[[ SUPPLIED INFORMATION open ]]

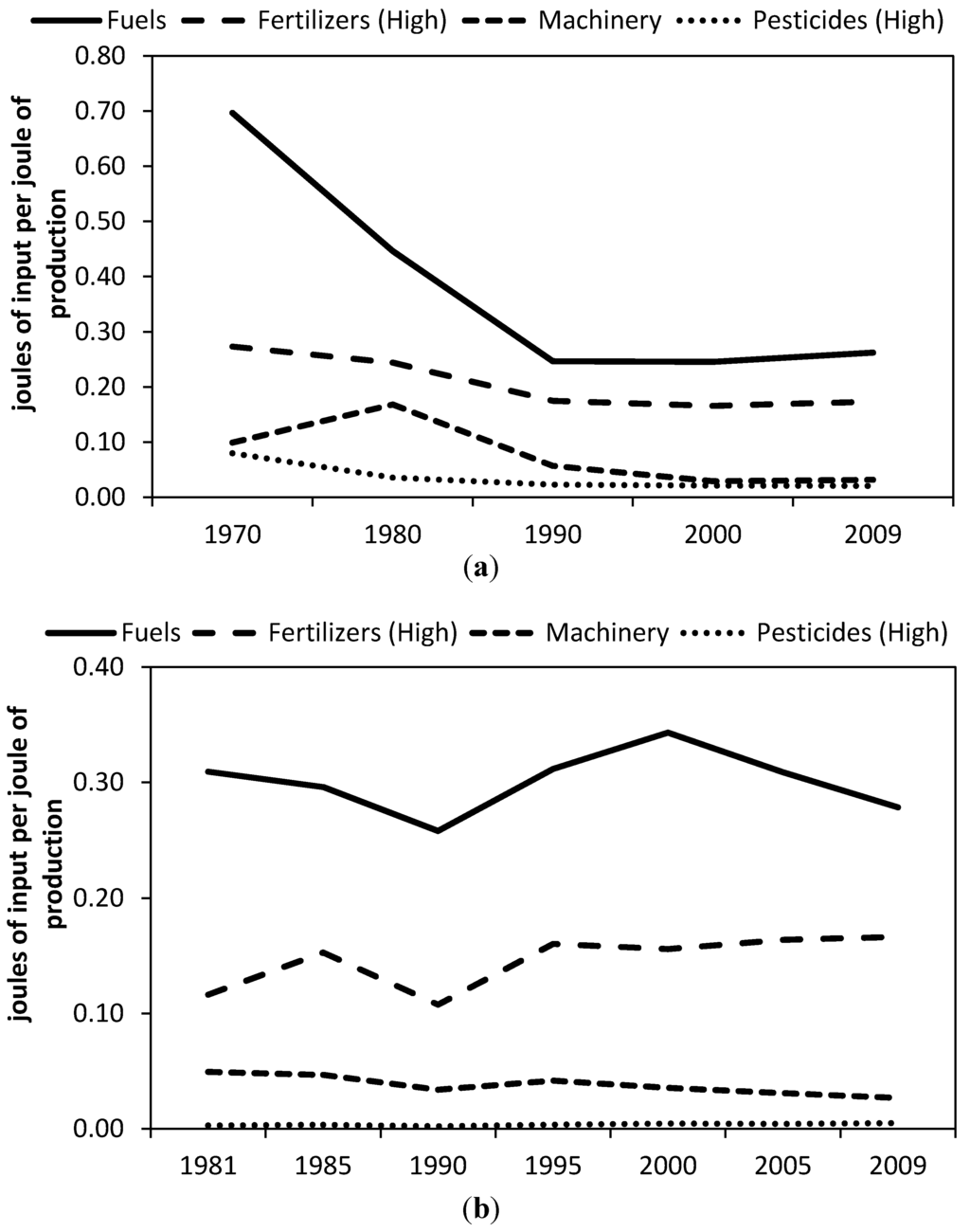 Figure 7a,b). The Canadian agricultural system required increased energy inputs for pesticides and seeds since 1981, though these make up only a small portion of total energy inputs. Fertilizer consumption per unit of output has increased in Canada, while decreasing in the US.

[[ SUPPLIED INFORMATION closed ]]
[[ SUPPLIED INFORMATION open ]]

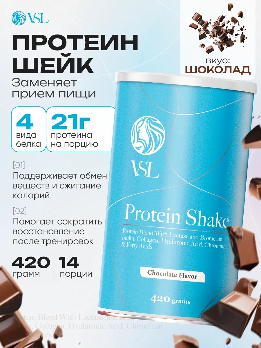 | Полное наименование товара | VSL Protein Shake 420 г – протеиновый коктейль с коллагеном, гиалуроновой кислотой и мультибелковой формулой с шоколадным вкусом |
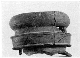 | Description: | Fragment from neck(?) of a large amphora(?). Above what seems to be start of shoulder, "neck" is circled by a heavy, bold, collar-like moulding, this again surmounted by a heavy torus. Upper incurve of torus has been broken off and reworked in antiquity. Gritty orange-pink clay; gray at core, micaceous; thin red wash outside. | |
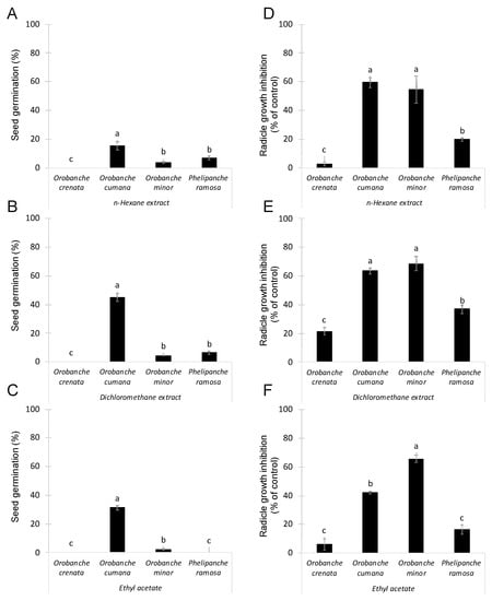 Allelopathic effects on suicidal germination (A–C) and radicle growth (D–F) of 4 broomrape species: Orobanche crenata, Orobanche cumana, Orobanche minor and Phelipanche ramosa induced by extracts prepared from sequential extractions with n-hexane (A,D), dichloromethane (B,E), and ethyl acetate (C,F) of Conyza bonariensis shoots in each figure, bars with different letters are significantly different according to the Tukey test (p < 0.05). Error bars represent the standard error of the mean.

[[ SUPPLIED INFORMATION closed ]]

EXERCISE REQUIREMENTS: Beginning at the line above that contains "шоколадным вкусом |", repeat each line exactly through the one that contains "Allelopathic effects on", and leave out the pictures.

THE COMPLETED TASK:
 | Полное наименование товара | VSL Protein Shake 420 г – протеиновый коктейль с коллагеном, гиалуроновой кислотой и мультибелковой формулой с шоколадным вкусом |
 | Description: | Fragment from neck(?) of a large amphora(?). Above what seems to be start of shoulder, "neck" is circled by a heavy, bold, collar-like moulding, this again surmounted by a heavy torus. Upper incurve of torus has been broken off and reworked in antiquity. Gritty orange-pink clay; gray at core, micaceous; thin red wash outside. | |
 Allelopathic effects on suicidal germination (A–C) and radicle growth (D–F) of 4 broomrape species: Orobanche crenata, Orobanche cumana, Orobanche minor and Phelipanche ramosa induced by extracts prepared from sequential extractions with n-hexane (A,D), dichloromethane (B,E), and ethyl acetate (C,F) of Conyza bonariensis shoots in each figure, bars with different letters are significantly different according to the Tukey test (p < 0.05). Error bars represent the standard error of the mean.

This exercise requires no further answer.